Monitoring RFT training
Monitor key metrics during training to ensure effective learning and identify potential issues early.
Topics
Key metrics to track
Monitor the following metrics using MlFlow during training:
Reward metrics:
-
Average reward score: Overall quality of model responses (should increase over time)
-
Reward distribution: Percentage of responses receiving high, medium, and low rewards
-
Training vs. validation rewards: Compare to detect overfitting
Training metrics:
-
Policy updates: Number of successful weight updates
-
Rollout completion rate: Percentage of samples successfully evaluated
Concerning patterns:
-
Rewards plateauing (indicates poor learning)
-
Validation rewards dropping while training rewards increase (overfitting)
-
Reward variance increasing significantly over time (instability)
-
High percentage of reward function errors (implementation issues)
When to stop training:
-
Target performance metrics are achieved
-
Rewards plateau and no longer improve
-
Validation performance degrades (overfitting detected)
-
Maximum training budget is reached
Hyperparameter guidance
Use the following recommended hyperparameters based on your training approach:
General:
-
Epochs: 1
-
Learning rate (lr): 1e-7
-
Number of generations: 8
-
Max new tokens: 8192
-
Batch size: 256
LoRA (Low-Rank Adaptation):
-
LoRA Rank: 32
Note
Adjust these values based on your dataset size and validation performance.

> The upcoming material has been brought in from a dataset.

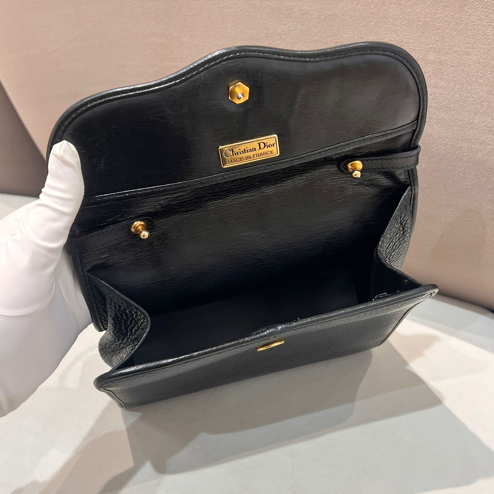 此款 Christian Dior 中古手挽袋以粒面黑色皮革製成,搭配結構分明的袋型與橢圓 Dior 標誌扣飾,體現 1970 至 1980 年代初期 Dior 對優雅比例與皮革工藝的講究。

Monitor training metrics to prevent overfitting.
Evaluation after RFT
After training completes, evaluate your fine-tuned model to assess performance improvements:
-
Run RFT evaluation job: Use the checkpoint from your RFT training as the model
-
Compare to baseline: Evaluate both base model and fine-tuned model on the same test set
-
Analyze metrics: Review task-specific metrics (accuracy, reward scores, etc.)
-
Conduct qualitative review: Manually inspect sample outputs for quality
For detailed evaluation procedures, see the Evaluation section.
Using fine-tuned models
Accessing checkpoints:
After training completes, locate your checkpoint:
-
Navigate to your
output_pathin S3 -
Download and extract
output.tar.gz -
Open
manifest.json -
Copy the
checkpoint_s3_bucketvalue
Deploying for inference:
Use the checkpoint S3 path for inference or further training:
run: model_type: amazon.nova-2-lite-v1:0:256k model_name_or_path: "s3://customer-escrow-<account-number>-smtj-<unique-identifier>/<job-name>"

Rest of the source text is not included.